Neverthless the Syngenta and BGI sequences do serve as a complementary guiding tool for the more thorough sequencing and help in speeding it up. The utility of the 'clone-by-clone' approach has been borne out by the draft sequence of part of the rice genome made available by Monsanto to the IRGSP in early 2000. Since Monsanto had also sequenced the Nipponbare strain, the sequenced clones, though of low (fivefold) accuracy, could be used by institutions participating in the IRGSP, under some conditions of no commercial exploitation. This has enabled late entrants like France and Brazil to progress rapidly in sequencing the chromosome share allocated to them. China too, for example, has utilised the Monsanto data for its full sequencing of chromosome 4. That experience has also been useful in China's parallel effort at sequencing indica.

While the BGI group has submitted the data to GenBank, Syngenta has refused to do so. Instead, it has entered into an agreement with Science to allow only limited access to its raw data for non-commercial purposes only much like what Celera did with its human genome sequence data. The conditions limit searches to less than 15 kbp of the sequence at a time and download 100 kbp of sequence a week. Any academic requiring more than 100 kbp a week must obtain the prior written approval of the company. More can be freely downloaded if the researcher's institution enters into an agreement with Syngenta stating that the data will not be used for commercial ends.

And as before, Syngenta's commercial hold over data has sparked a controversy. Since Syngenta also used Nipponbare, only its data can be of any possible use for the IRGSP effort. While Syngenta has said that it would make its data available to the IRGSP, it has not done so yet. According to the IRGSP, Monsanto clones and sequences underlie 30 per cent of the sequence in public databases. Given that, the utility of Syngenta data, which probably are of better quality than those of Monsanto, in accelerating the IRGSP's sequencing efforts would be more.

The news of the Syngenta-Science deal drew criticism from several sections of the scientific community. Twenty prominent scientists, including two Nobel laureates, wrote to Science protesting against the publication of genome maps without requiring the authors to place the supporting sequence data in public databases as is the "accepted norm".

Donald Kennedy, the Editor of Science, however, defended the decision to allow this exception to Syngenta. He said: "Some cost, especially to the bioinformatics community, results from allowing an exception to the GenBank rule. We allowed it on the basis that the public benefit of releasing the finding from trade-secret status outweighed that cost. Exceptions of this kind will surely be rare."
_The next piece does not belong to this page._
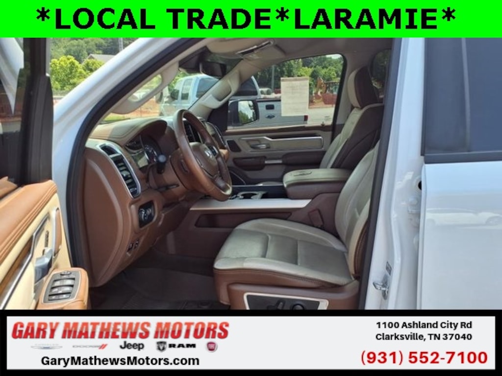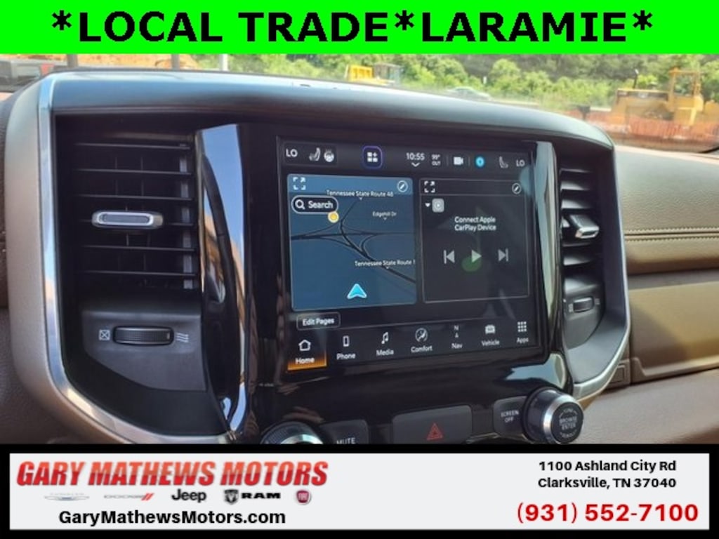 Bluetooth, Navigation System/ GPS, iPod Adapter, USB Port, Heated Seats, Cooled Seats, Remote Start, Rear View Camera/ Backup Camera, Push Button Start, Leather Seats, Parking Sensors, Tow Package, 4WD, Local Trade, UConnect, Apple Car Play, Alloy Wheels, Aluminum Wheels, Appearance Package, Audio Package, Backup Camera, Navigation System, Popular Equipment Package, Preferred Equipment Package, Premium Sound Package, Premium Wheels, Trailer Package, #1 Seat Foam Cushion, 10 Speakers, 26 Gal. Fuel Tank (Replace 23 Gal.) (DISC), 2nd Row In Floor Storage Bins, 3 Rear Seat Head Restraints, 3.21 Rear Axle Ratio, 4 Way Front Headrests, 4-Corner Air Suspension, 4-Wheel Disc Brakes, 48V Belt Starter Generator, 4G LTE Wi-Fi Hot Spot, 8.4" Touchscreen Display, ABS brakes, Adjustable pedals, Air Conditioning, All R1 High Radios, All Radio Equipped Vehicles, Alloy wheels, AM/FM radio: SiriusXM, Apple CarPlay, Apple CarPlay/Android Auto, Audio memory, Auto High Beam Headlamp Control, Auto-dimming door mirrors, Auto-Dimming Exterior Driver Mirror, Auto-dimming Rear-View mirror, Automatic temperature control, Bed Utility Group, Brake assist, Bumpers: chrome, Chrome Exterior Mirrors, Compass, Connected Travel & Traffic Services, Connectivity - US/Canada, Convex Wide-Angle Mirror Insert, Delay-off headlights, Disassociated Touchscreen Display, Driver door bin, Driver Seat Memory, Driver vanity mirror, Dual front impact airbags, Dual front side impact airbags, Electronic Stability Control, Exterior Mirrors Courtesy Lamps, Exterior Mirrors w/Heating Element, Exterior Mirrors w/Memory, Exterior Mirrors w/Supplemental Signals, Foam Bottle Insert (Door Trim Panel), For Details, Visit DriveUconnect.com, For More Info, Call 800-643-2112, Front anti-roll bar, Front Center Armrest w/Storage, Front dual zone A/C, Front fog lights, Front reading lights, Front Seat Back Map Pockets, Front wheel independent suspension, Fully automatic headlights, Garage door transmitter, Global Telematics Box Module (TBM), Google Android Auto, GPS Antenna Input, GPS Navigation, harman/kardon 19 Speaker Premium Sound, HD Radio, Heated door mirrors, Heated Front Seats, Heated front seats, Heated Second Row Seats, Heated Steering Wheel, Heated steering wheel, Illuminated entry, Integrated Center Stack Radio, Integrated Voice Command w/Bluetooth, Laramie Level B Equipment Group (DISC), Leather steering wheel, Leather Trim 40/20/40 Bench Seat, Low tire pressure warning, Memory seat, MOPAR 4 Adjustable Cargo Tie-Down Hooks, MOPAR Front & Rear Rubber Floor Mats, MOPAR Spray In Bedliner, Occupant sensing airbag, Outside temperature display, Overhead airbag, Overhead console, Panic alarm, ParkSense Front/Rear Park Assist w/Stop, ParkView Rear Back-Up Camera, Passenger door bin, Passenger vanity mirror, Pedal memory, Pick-Up Box Lighting, Power 2-Way Driver Lumbar Adjust, Power 2-Way Passenger Lumbar Adjust, Power 8-Way Driver & Passenger Seats, Power door mirrors, Power driver seat, Power passenger seat, Power Running Boards, Power steering, Power windows, Power-Folding Mirrors, Quick Order Package 27H Laramie, Radio data system, Radio: Uconnect 5 Nav w/8.4" Display, Radio: Uconnect 5 W w/8.4" Display, Rain Sensitive Windshield Wipers, Rear 60/40 Folding Seat, Rear 60/40 Folding Split Recline Seat, Rear anti-roll bar, Rear seat center armrest, Rear step bumper, Rear Underseat Compartment Storage (DISC), Rear Wheelhouse Liners, Rear window defroster, Remote keyless entry, Remote Tailgate Release, Security system, SiriusXM Radio Service, SiriusXM w/360L, Speed control, Split folding rear seat, Steering wheel mounted audio controls, Tachometer, Telescoping steering wheel, Tilt steering wheel, Traction control, Trailer Brake Control, Trailer Light Check, Trailer Reverse Steering Control, Trailer Tire Pressure Monitoring System, Trailer Tow Group, Trip computer, Turn signal indicator mirrors, USB Host Flip, Variably intermittent wipers, Ventilated Front Seats, Ventilated front seats, Vo

As if in response to this criticism, Goff and Yu of BGI have apparently written to the IRGSP proposing a merger of the various sequencing efforts. It is being speculated that in response to this, the two public groups - the IRGSP and the BGI - and two private groups -Syngenta and Monsanto - could come together and merge their efforts into a single joint project. Meanwhile, the IRGSP has said that negotiations are on with Syngenta to have access to its data on terms similar to those with Monsanto earlier.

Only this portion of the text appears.